(About this exercise):
A faithful copy of the data is what is wanted, minus any pictures.

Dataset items

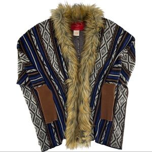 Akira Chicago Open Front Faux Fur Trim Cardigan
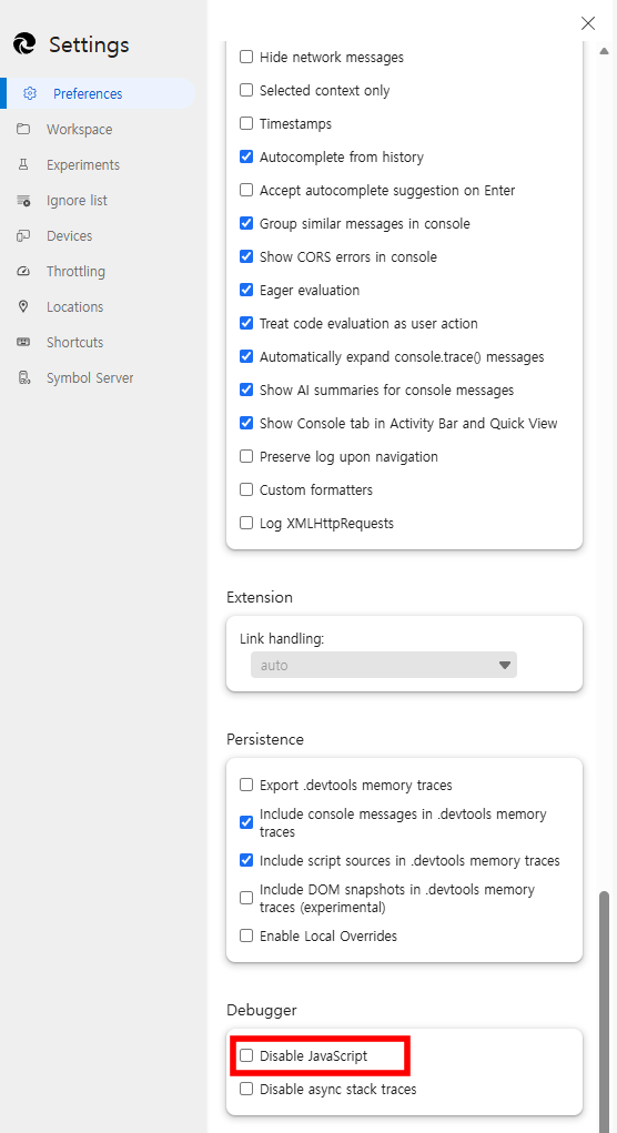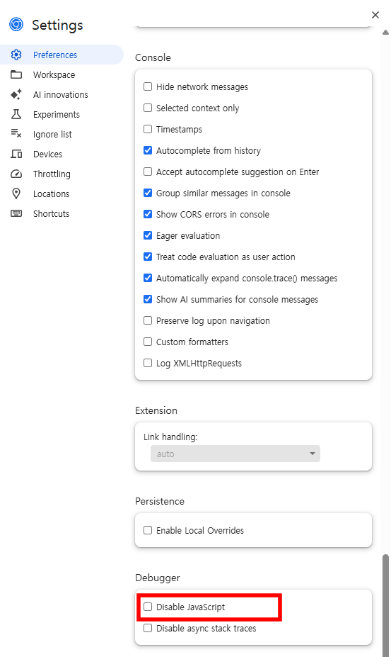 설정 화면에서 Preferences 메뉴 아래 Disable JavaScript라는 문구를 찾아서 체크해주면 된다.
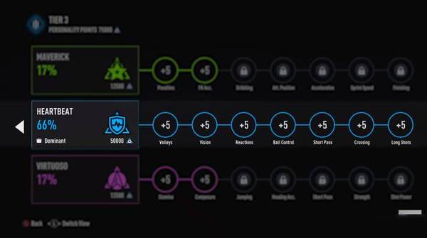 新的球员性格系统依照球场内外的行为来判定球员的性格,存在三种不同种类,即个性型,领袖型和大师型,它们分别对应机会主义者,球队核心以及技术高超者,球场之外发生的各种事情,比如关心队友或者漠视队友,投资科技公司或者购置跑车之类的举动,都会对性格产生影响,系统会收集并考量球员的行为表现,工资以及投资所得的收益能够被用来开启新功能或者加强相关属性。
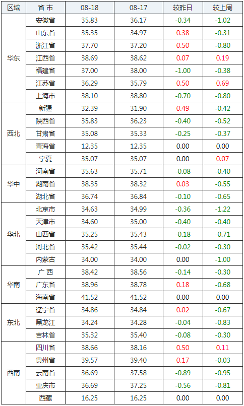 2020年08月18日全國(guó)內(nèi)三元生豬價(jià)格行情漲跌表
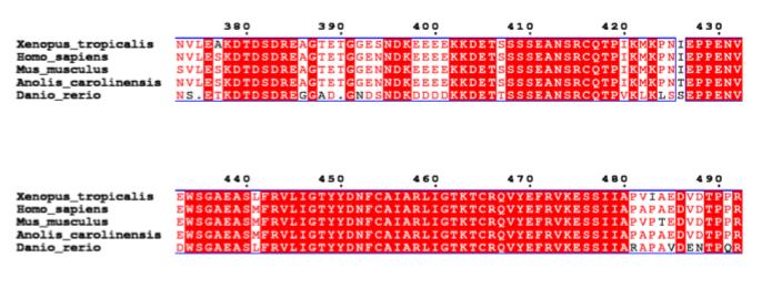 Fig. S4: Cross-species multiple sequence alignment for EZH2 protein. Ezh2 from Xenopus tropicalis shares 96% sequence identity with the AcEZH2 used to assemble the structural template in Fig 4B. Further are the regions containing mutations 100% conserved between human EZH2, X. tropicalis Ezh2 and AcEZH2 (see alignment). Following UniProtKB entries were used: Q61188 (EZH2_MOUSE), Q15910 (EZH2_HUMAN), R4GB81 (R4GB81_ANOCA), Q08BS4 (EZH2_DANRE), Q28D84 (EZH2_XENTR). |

(Output):
 Akira Chicago Open Front Faux Fur Trim Cardigan
 설정 화면에서 Preferences 메뉴 아래 Disable JavaScript라는 문구를 찾아서 체크해주면 된다.
 新的球员性格系统依照球场内外的行为来判定球员的性格,存在三种不同种类,即个性型,领袖型和大师型,它们分别对应机会主义者,球队核心以及技术高超者,球场之外发生的各种事情,比如关心队友或者漠视队友,投资科技公司或者购置跑车之类的举动,都会对性格产生影响,系统会收集并考量球员的行为表现,工资以及投资所得的收益能够被用来开启新功能或者加强相关属性。
 2020年08月18日全國(guó)內(nèi)三元生豬價(jià)格行情漲跌表
 Fig. S4: Cross-species multiple sequence alignment for EZH2 protein. Ezh2 from Xenopus tropicalis shares 96% sequence identity with the AcEZH2 used to assemble the structural template in Fig 4B. Further are the regions containing mutations 100% conserved between human EZH2, X. tropicalis Ezh2 and AcEZH2 (see alignment). Following UniProtKB entries were used: Q61188 (EZH2_MOUSE), Q15910 (EZH2_HUMAN), R4GB81 (R4GB81_ANOCA), Q08BS4 (EZH2_DANRE), Q28D84 (EZH2_XENTR). |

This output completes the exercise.